The forests of Male Mahadeshwara are inhabited by a variety of animals, birds and reptiles. They are found in large numbers too. Elephants are the most prominent species. The latest estimate puts the population of elephants are more than 2500 in the district, which includes Bandipur National Park too. Frequent sightings of guars (Indian bison), sambars, spotted deer, jackals, sloth bears, porcupine, etc., apart from rare sightings of tigers, leopards and wild dogs are possible in and around this area. The Male Mahadeshwara Reserve Forests, has an approximate area of 39361.45 hectares and has a few small villages like Ponnachi, Kombadikki, Kokkebore, Doddane, Tokere, Tulsikere, Puduru village, Thambadi street or Thambadigere, Palar, Gopinatham, Indiganatha, etc., as enclosures within the reserve forests.

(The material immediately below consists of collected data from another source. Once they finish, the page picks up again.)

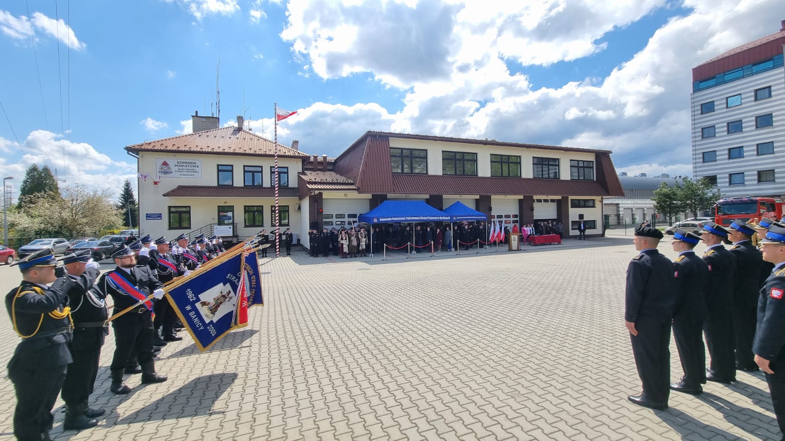 9.05.2023 r. na placu Komendy Powiatowej PSP w Gorlicach nadbryg. Piotr Filipek Małopolski Komendant Wojewódzki PSP wział udział w uroczystym apelu. Przed zbióką została odprawiona Msza Święta w intencji gorlickich strażaków w kościele pw. MB Nieustającej Pomocy w "Gliniku".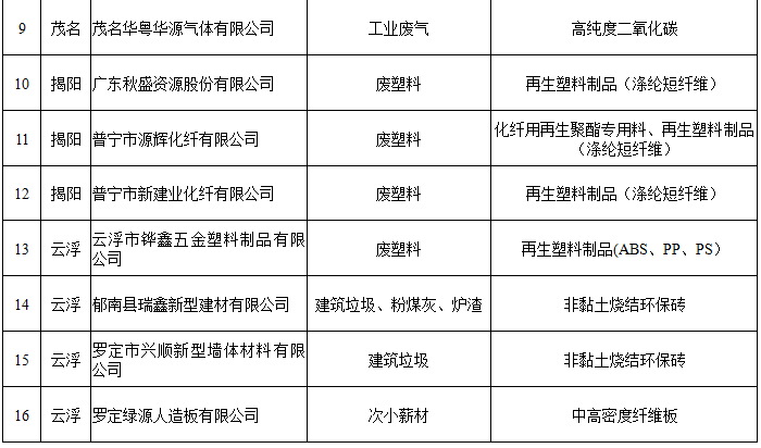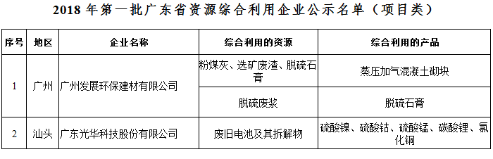 2、2018年第一批广东省资源综合利用企业公示名单(项目类)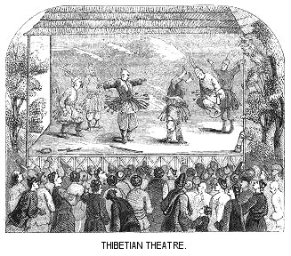 p. 300The most important of the Lamaseries of Lithang possesses a great printing press for Buddhic books, and it is hither that, on holidays, the Lamas of the neighbouring countries come for their supplies. Lithang carries on also a large trade in gold dust, in chaplets of black beads, and in cups made with the roots of the vine and box-tree. As we departed from Lithang, the Chinese garrison was under arms, to render military honours to Ly-Kouo-Ngan. They acted just as if he had been alive. When the coffin passed, all the soldiers bent their knees and exclaimed: “To the Tou-Sse, Ly-Kouo-Ngan, the poor garrison of Lithang wishes health and prosperity.” The petty Mandarin, with the white button, who had become our guide, saluted the garrison in the name of the deceased. This new commander of the caravan was a Chinese of Moslem extraction; but one could find nothing about him which seemed to belong in the least to the fine type of his ancestors: his puny, stunted person, his pointed smiling face, his shrill treble voice, his trifling manners, all contributed to give him the air of a shop-boy, and not in the least that of a military Mandarin. He was a prodigious talker. The first day he rather amused us, but he soon became a bore. He thought himself bound, in his quality of Mussulman, to talk to us, on all occasions, about Arabia, and of its horses that are sold for their weight in gold; about Mahomet, and his famous sabre that cut through metals; about Mecca and its bronze ramparts.

According to media reports a decision to declare 906.18 km2 (90,618.75 hectares) of 1,224 km2 of the Kollegalaa Range forest as Male Mahadeshwara Wildlife Sanctuary was taken during the fifth meeting of the Karnataka Wildlife Board held on 15 December 2012. The then chief minister Jagadish Shettar, who presided over the meeting, approved this under Section 26A (I) (B) of the Wildlife Conservation Act, 1972, (Amendment 2006) on 7 May 2013. But the same information is yet to reflect on the website of the Karnataka Forest Department.